When assigned an SSI case, the Clinic student digs into a intricate evaluation process that requires an understanding of both the medical aspects of a child’s disability and the legal standards for determining disability. As children are constantly developing and changing, during an appeals process that can take as long as two years, the law students are often chasing a moving target. Their work involves painstakingly gathering and summarizing a child’s medical condition and then developing a theory that will persuade an administrative law judge that the child meets the published standards. Developing a good relationship with the child’s medical providers – a task made easier by the Medical-Legal Partnership – can enhance the representative’s ability to present important information to the judge that might not be apparent from only the medical records. These cases provide the law students an excellent opportunity to practice their writing skills, as many cases are won “on-the-record” when the judge reads a well-prepared memorandum of law on behalf of the applicant. Clinic students and their clients have been rewarded in these SSI cases, as nearly every case to have gone before a judge to date has resulted in a favorable decision.

Student Experience

As the law students participate in the Clinic, they not only develop the skills needed by practicing lawyers, but they gain great insights about themselves, the practice of law, and the legal system’s role in the lives of individuals. By keeping a journal of their experiences, the students regularly reflect on their work in the Clinic. Following are some of their observations:

Community Involvement

The Children’s Law Clinic maintains relationships in the larger community that enhance its work. Once again in 2011, the Clinic faculty hosted the Special Education Law Roundtable, a day-long gathering at Duke Law School of attorneys from around North Carolina that represent parents and children in special education cases. The clinic faculty frequently offer workshops to interested audiences on special education law. They have mentored several attorneys in this area of law, consulting on cases and sharing their expertise. The Medical-Legal Partnership for Children in Durham has fostered continued relationships with pediatric providers in the community. These relationships have made a meaningful difference in the representation of the Clinic’s clients and have provided the medical providers new insights into the legal barriers that affect their patients’ health.

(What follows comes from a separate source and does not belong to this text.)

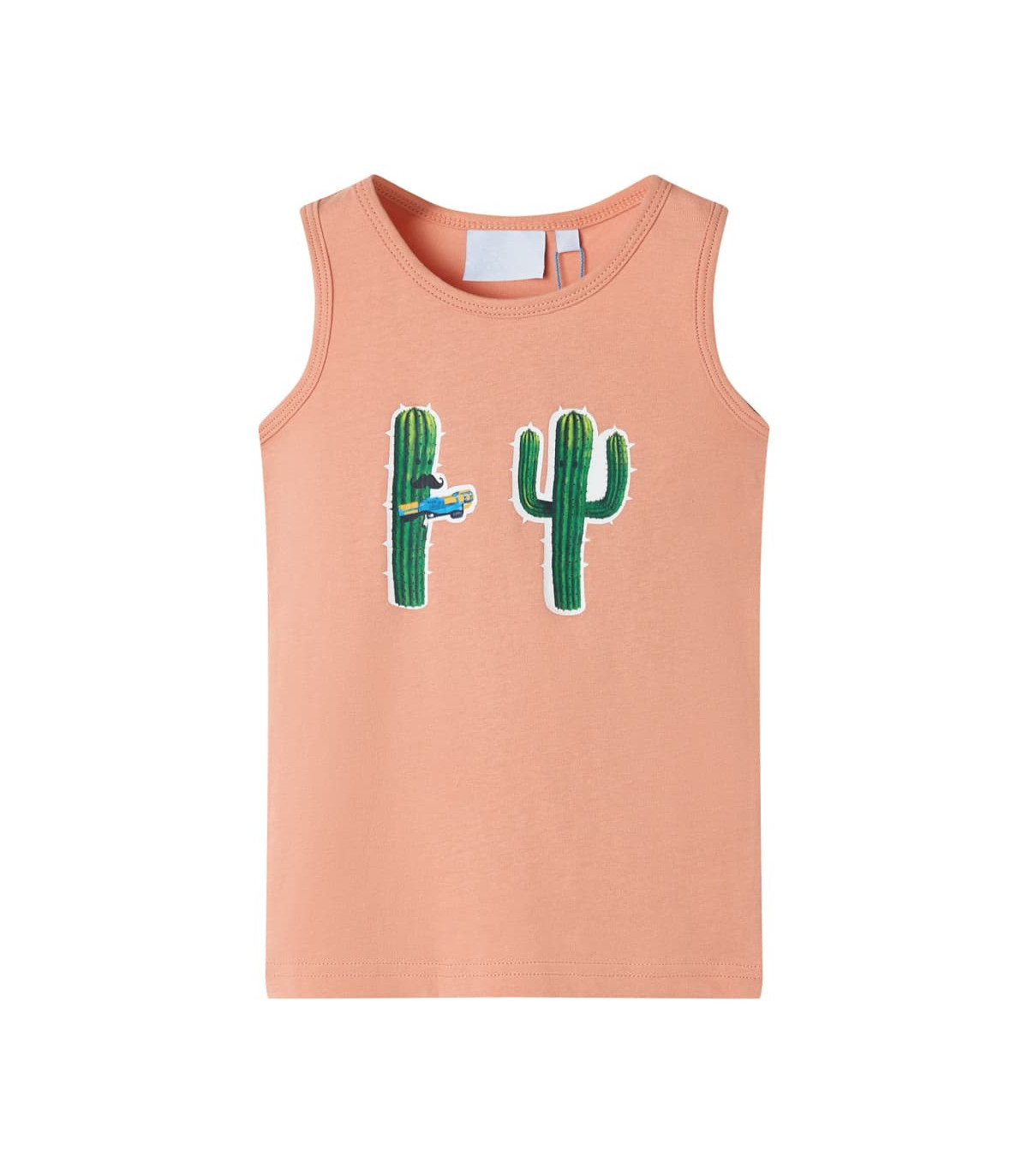 Our children's clothing line is all about affordable, high-quality, and durable everyday wear for kids aged 1.5 to 10. Our range includes jackets, sweaters, shirts, and many more, with a variety in style, size, and colour. Following the high-quality standard in the market, we are using high-grade materials and advanced manufacturing techniques. This kids' tank top has a round neckline and a straight fit. This children's tank top is printed with cactuses. The tank top for kids is made of 80% cotton and 20% polyester for a soft and comfortable touch. Good to know: This size chart in the picture provides measurements for kids aged 1.5 to 10, covering the height, chest, waist, and hip. You can easily find the right fit for your child.

The Clinic participates in the statewide Special Needs Federation, an alliance of individuals and organizations dedicated to protecting and enhancing the rights of children with disabilities. At the national level, Clinic Director Jane Wettach and Supervising Attorney Brenda Berlin were invited to contribute chapters to a new textbook, Special Education Advocacy (Lexis Nexis) and Prof. Wettach was included on the faculty of a national academy that trains administrative law judges who handle special education cases.

Conclusion

The Clinic is committed to continuing with its dual core missions of providing individual representation to at-risk children and training law students in critical professional skills. Since the Clinic opened its doors, more than 150 law students have been exposed to the striking legal needs of children, and have contributed to meeting those needs while developing skills and exploring their own styles of lawyering. Over seven hundred families have directly benefited from the work of the Clinic, and many more have indirectly benefited from the community workshops and seminars offered, and the expertise of the Clinic faculty that is shared widely. The Clinic continues to be a highly valued resource for vulnerable children in our community as well as a rich training ground for the law students.